Original 1: This movie is great!Amazing direction.
Normalized 1: This movie is great! Amazing direction.

Original 2: Wait...what?Really?
Normalized 2: Wait... what? Really?

Original 3: Incredible,unbelievable!Must watch.
Normalized 3: Incredible, unbelievable! Must watch.

Original 4: I loved it.The actors were amazing.
Normalized 4: I loved it. The actors were amazing.

Original 5: Terrible;no plot,no logic;just noise.
Normalized 5: Terrible; no plot, no logic; just noise.



### Test 3 – Nonsense Detection

This test evaluates the ability of the `Preprocessor` class to detect and flag **nonsensical or low-quality reviews**.

The implemented logic marks a review as *nonsense* if it satisfies one of the following conditions:
- The text is **too short** (e.g., fewer than 10 characters).
- The **ratio of alphabetic characters** to total characters is very low (e.g., dominated by symbols or numbers).

This filtering step is essential to discard meaningless entries that could negatively affect downstream tasks such as embedding generation or keyword extraction.

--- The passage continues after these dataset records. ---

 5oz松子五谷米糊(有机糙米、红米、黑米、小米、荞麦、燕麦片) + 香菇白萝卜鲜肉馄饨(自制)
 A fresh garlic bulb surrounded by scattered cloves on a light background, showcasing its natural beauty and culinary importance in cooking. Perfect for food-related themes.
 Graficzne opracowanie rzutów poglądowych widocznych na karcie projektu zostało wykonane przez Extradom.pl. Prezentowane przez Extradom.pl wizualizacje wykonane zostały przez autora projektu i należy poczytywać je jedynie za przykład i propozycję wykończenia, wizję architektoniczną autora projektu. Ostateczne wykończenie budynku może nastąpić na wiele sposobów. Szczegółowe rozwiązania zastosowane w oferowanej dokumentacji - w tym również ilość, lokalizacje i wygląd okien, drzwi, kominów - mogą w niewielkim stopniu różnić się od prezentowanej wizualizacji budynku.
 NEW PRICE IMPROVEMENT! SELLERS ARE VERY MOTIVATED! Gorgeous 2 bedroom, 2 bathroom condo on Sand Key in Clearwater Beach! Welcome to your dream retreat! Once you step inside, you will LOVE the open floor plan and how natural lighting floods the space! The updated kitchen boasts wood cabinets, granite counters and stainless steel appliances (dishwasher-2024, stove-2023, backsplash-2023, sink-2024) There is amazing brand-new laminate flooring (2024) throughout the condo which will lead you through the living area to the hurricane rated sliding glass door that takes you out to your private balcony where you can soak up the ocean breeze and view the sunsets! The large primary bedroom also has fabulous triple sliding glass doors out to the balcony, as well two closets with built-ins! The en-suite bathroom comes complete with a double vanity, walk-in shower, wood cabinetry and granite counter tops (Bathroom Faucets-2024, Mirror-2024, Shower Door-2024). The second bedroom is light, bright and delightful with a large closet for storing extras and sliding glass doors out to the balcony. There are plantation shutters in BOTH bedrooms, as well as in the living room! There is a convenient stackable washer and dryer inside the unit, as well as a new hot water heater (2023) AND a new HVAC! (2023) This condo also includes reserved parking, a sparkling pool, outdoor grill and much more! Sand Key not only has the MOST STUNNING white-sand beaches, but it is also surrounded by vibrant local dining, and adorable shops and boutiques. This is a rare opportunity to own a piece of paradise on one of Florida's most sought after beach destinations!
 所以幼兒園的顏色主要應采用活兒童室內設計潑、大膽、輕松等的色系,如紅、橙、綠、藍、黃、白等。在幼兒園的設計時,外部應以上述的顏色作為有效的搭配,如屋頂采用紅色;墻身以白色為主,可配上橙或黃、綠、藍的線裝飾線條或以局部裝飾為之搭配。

We isolate and apply only the **nonsense detection** module in this test, checking how it handles various inputs including:
- Empty strings  
- Symbol-only content  
- Short but meaningful phrases  
- Number-dominated text  

Each input is labeled as either `OK` (valid) or `NONSENSE` (to be discarded).


In [6]:
# Instantiate the Preprocessor
from preprocessing import Preprocessor
pre = Preprocessor()

# Test cases for nonsense detection
samples = [
    "!!!...??",               # Only punctuation
    "1234567890",             # Only numbers
    "Ok",                     # Too short
    "This is fine.",          # Valid sentence
    "....",                   # Dots only
    "!!!!????....",           # Random punctuation
    "The movie was good.",    # Proper review
    "👍🏻👍🏻👍🏻"                   # Emoticons only
]

# Apply nonsense detection logic
for i, sample in enumerate(samples, 1):
    result = pre.is_nonsense(sample)
    status = "NONSENSE" if result else "OK"
    print(f"Sample {i}: '{sample}' → {status}\n")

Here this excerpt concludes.